O uso crescente de ferramentas de inteligência artificial (IA) transformou a forma com que os profissionais do Direito exercem suas atividades. Softwares baseados em IA são capazes de otimizar rotinas, redigir documentos jurídicos preliminares, fazer pesquisas jurisprudenciais complexas e até mesmo criar esboços de peças processuais.
No entanto, o emprego indevido dessas tecnologias levanta questões éticas, processuais e normativas cada vez mais urgentes. Os tribunais têm sinalizado desconforto com o uso de peças automatizadas e sustentações orais feitas com auxílio de IA, o que exige um olhar crítico e aprofundado sobre os limites impostos pelas legislações processuais e os princípios que regem a atuação do advogado.
Neste artigo, vamos analisar os fundamentos jurídicos e éticos que envolvem o uso da inteligência artificial na advocacia, seu impacto nos processos judiciais e as melhores práticas profissionais para sua adoção responsável.
A tecnologia de IA aplicada ao Direito engloba sistemas capazes de aprender padrões jurídicos por meio de machine learning e NLP (Processamento de Linguagem Natural), automatizando diversas atividades do cotidiano da advocacia. Entre suas funcionalidades estão a redação de contratos, a elaboração de petições iniciais simples, análise de risco em ações judiciais e até simulações de resultados com base em jurisprudência dominante.
Porém, apesar dos benefícios, trata-se de uma ferramenta, e não de um substituto à atividade intelectual inerente ao ofício jurídico. O advogado é o profissional legalmente habilitado para representar os interesses de terceiros com base no art. 133 da Constituição Federal, que dispõe:
“Art. 133. O advogado é indispensável à administração da justiça, sendo inviolável por seus atos e manifestações no exercício da profissão, nos limites da lei.”
Portanto, nenhuma ferramenta tecnológica pode assumir autonomia na manifestação jurídica sob pena de ferir a legalidade, a ética e, em última análise, a própria função jurisdicional.
O Código de Ética e Disciplina da OAB, em seu art. 6º, prevê que o advogado deve atuar com diligência, probidade e competência técnica. A delegação cega à IA na elaboração de petições ou pareceres pode violar esses deveres, principalmente quando se usa conteúdos gerados automaticamente sem a devida revisão profissional.
Além disso, ainda que algoritmos sejam capazes de redigir um texto juridicamente aceitável, falta-lhes o elemento essencial da interpretação argumentativa e estratégica, peculiar ao raciocínio jurídico humano. A IA não substitui o domínio doutrinário, jurisprudencial e fático do advogado em relação ao caso concreto.
A eventual responsabilização do advogado por peças automatizadas mal formuladas também merece destaque. Pelos arts. 14 e 15 do Código de Processo Civil, as partes e seus procuradores devem comportar-se com boa-fé, veracidade e cooperação. Apresentar conteúdo fabricado por IA sem verificação adequada pode ser interpretado como má-fé ou mesmo litigância temerária, o que acarreta penalidades processuais.
No processo judicial, a manifestação do advogado deve ser autêntica e personalizada, refletindo análise jurídica individualizada. Sustentações orais lidas por inteligência artificial ou proferidas por avatares, por exemplo, representam risco à autenticidade do ato processual.
O Código de Processo Civil brasileiro — no seu art. 937, §1º — assegura ao advogado o direito de sustentar oralmente nas sessões de julgamento de recursos, nos termos regimentais, o que pressupõe não apenas a apresentação de argumentos, mas também a sua entrega pessoal, com possibilidade de interação com os julgadores, reforçando a imprescindibilidade da participação humana.
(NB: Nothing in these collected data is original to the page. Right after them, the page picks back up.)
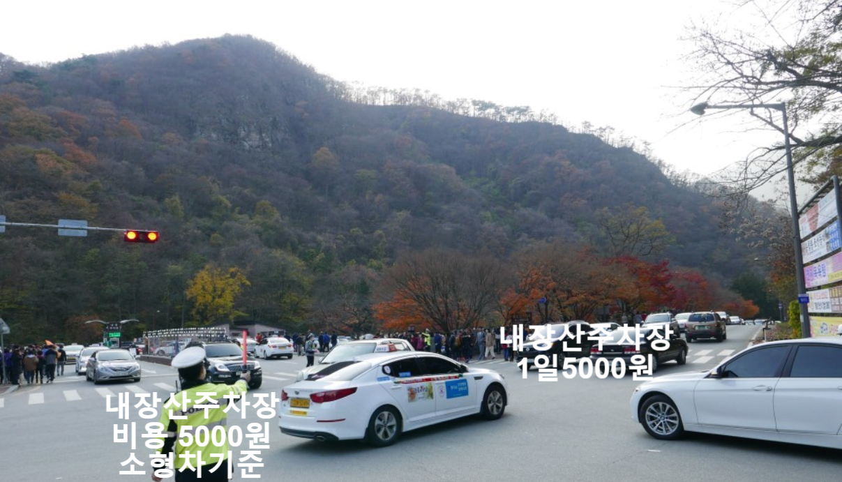 내장산 주차장있습니다 무료주차장의 경우 (5주차장) 주차하시고 2km가량 입구까지 걸어가셔야 합니다 올라가는길에 여러가지 먹거리들이 판매하고 있습니다 걷기 싫으시면 무료셔틀을 이용하실수도 있다고 합니다 내장산 유료주차장의 경우 사람이 많이 찾는 시기는 오전 9시경에 가도 주차하는것이 만만치 않다고 합니다 빠르게 주차하시려면 아침 일찍 가시는것을 추천드립니다 유료주차장 요금은 성수기 1일기준 5000원입니다 (경차 2000원 대형 7500원 )
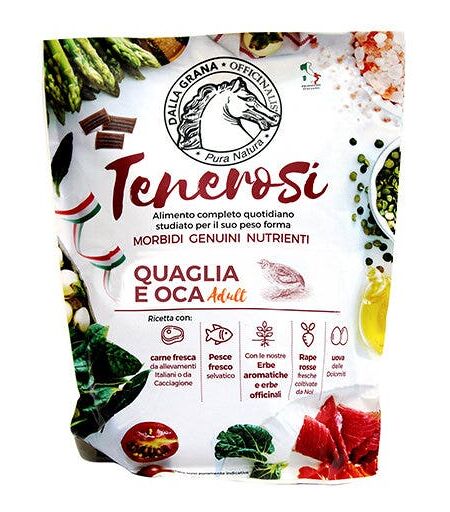 Crocchette Le crocchette semiumide I tenerosi di Pura Natura contengono solo ingredienti freschi non essiccati che mantengono inalterato il loro elevato valore nutrizionale. Si prepara una grande polpetta di carne o pesce, si uniscono tutti gli ingredienti freschi come frutta, verdura, uova sgusciate, erbe aromatiche ed officinali. Vengono aggiunti fiocchi di patate, piselli, olii naturali, carne disidratata, vitamine e sali minerali e si impreziosisce il tutto con una dolce e salutare nota di miele, yogurt e gel di fico d’india. Una cottura per pochi minuti a 110° ed ecco pronti i deliziosi Tenerosi: crocchette morbide e gustosissime. Vengono immediatamente confezionati in atmosfera protettiva senza utilizzare conservanti chimici I Tenerosi Dalla Grana Pura Natura Adult Quaglia e Oca sono realizzati con carne freschissima di quaglia e oca garantite dall’azienda Quaja Veneta di Malo (Vicenza), che alleva a terra nel pieno rispetto dell’animale. Le carni di Oca e Quaglia sono molto ...
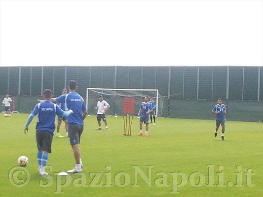 Azzurri in campo a Castel Volturno per l’allenamento di rifinitura aperto in parte alla stampa. Gli uomini di Benitez si preparano in vista della partita di domani sera contro la Dnipro, valevole per l’andata delle semifinali di Europa League.
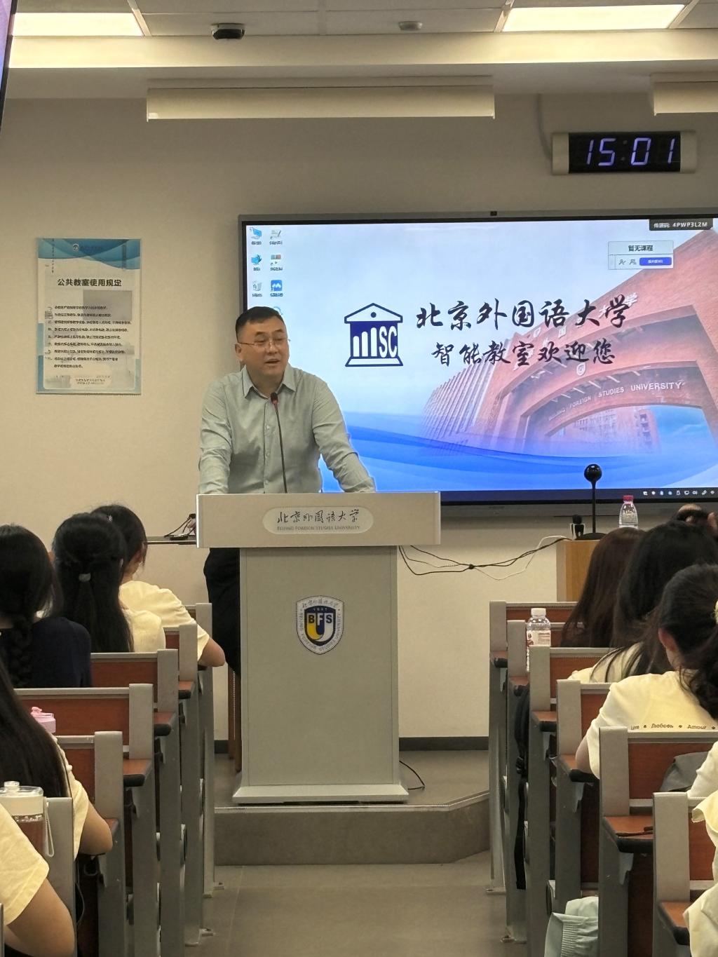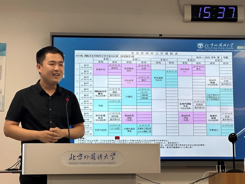首先,杨毅老师向新生们表达了热烈的欢迎与诚挚的祝贺,并深刻阐述了从中学步入大学这一人生转折点的重大意义。他鼓励新生们以积极的心态和科学的方法,合理规划时间,力求在德智体美劳各方面均衡发展,充分利用北外这一国际化平台,深化外语学习,拓宽学术视野。
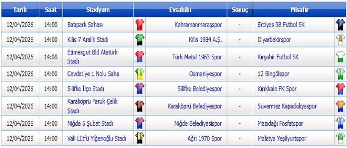 | Ağrı 1970 Spor - Yeşilyurtspor 12 Nisan Pazar Saat ; 14.00'da | ||
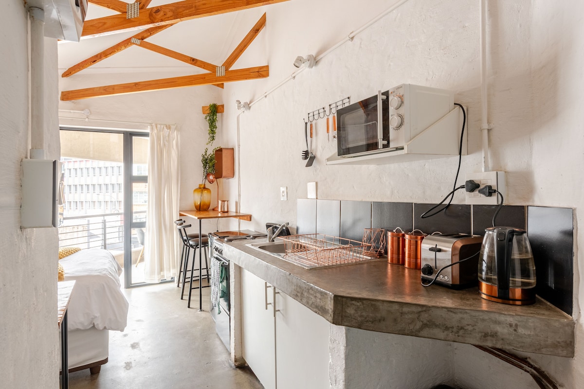 Escape to Industria - an eclectic steampunk studio in lush Hurlingham, just 2 km from Sandton. Industrial charm meets vintage elegance with repurposed decor, metro-tiled bathroom, and nods to 19th century innovation. Enjoy WiFi, solar power, secure parking, a flat-screen TV, and a garden view. The unit features a bath, shower, and convenient kitchenette - perfect for business travellers and curious souls alike. A rare blend of history, comfort, and creative flair in tranquil setting.

Transpor esse momento para uma máquina rompe com a ritualística processual concebida como elemento garantidor do contraditório e da ampla defesa. Tribunais têm rejeitado práticas que envolvem o uso indiscriminado de IA em manifestações processuais, classificando-as como inapropriadas ou mesmo ofensivas à dignidade da justiça.
A atuação ética do advogado é um alicerce fundamental do sistema jurídico. A utilização da IA deve respeitar os deveres previstos no Estatuto da OAB e no Código de Ética. O art. 2º, § único, inciso VIII, do Código de Ética determina:
“É dever do advogado: VIII – zelar por sua reputação pessoal e profissional.”
Portanto, o advogado que adota ferramentas automatizadas sem critérios, comprometendo a fidelidade dos argumentos e a originalidade das peças, pode estar violando esse dever fundamental. Além disso, a exposição de dados confidenciais do cliente a plataformas automatizadas não auditadas pode ferir o dever de sigilo profissional.
Sob o aspecto ético, é essencial que o uso de IA seja transparente: o advogado deve estar ciente da procedência do conteúdo obtido, garantir a verificação fática, jurídica e gramatical do texto, e ser capaz de defendê-lo em juízo.
Uma abordagem crítica e tecnicamente embasada sobre a adoção de IA na advocacia é cada vez mais relevante para a atuação segura no contexto contemporâneo. Para profissionais que desejam se aprofundar no uso ético, técnico e estratégico da inteligência artificial em sua prática, o curso Certificação Profissional em Inteligência Artificial na Advocacia oferece conhecimento atualizado e aplicado sobre o tema.
Outro ponto central está no tratamento de dados pessoais de clientes durante o uso de tecnologias automatizadas. A Lei Geral de Proteção de Dados (Lei nº 13.709/18 — LGPD) impõe uma série de obrigações sobre o tratamento legítimo, seguro e transparente de dados, especialmente sensíveis, como é o caso das informações jurídicas.
O artigo 7º da LGPD estipula que o tratamento de dados deve ser justificado por uma base legal válida. O advogado, ao inserir documentos e informações privadas em software com backend externo ou alienígena ao território nacional, pode incorrer em riscos de violação da LGPD, colocando em xeque não apenas a conformidade legal, mas também a segurança do cliente.
Nesse sentido, é recomendável que o uso de IA ocorra por meio de plataformas que respeitem os princípios da LGPD e contenham políticas de governança clara quanto ao tratamento das informações fornecidas. A capacitação jurídica sobre proteção de dados se tornou uma competência essencial na prática moderna.
Embora não exista ainda legislação específica disciplinando o uso da IA em atos processuais, os tribunais vêm indicando parâmetros interpretativos baseados nos princípios fundamentais do processo civil, como regularidade formal das manifestações e autenticidade dos atos.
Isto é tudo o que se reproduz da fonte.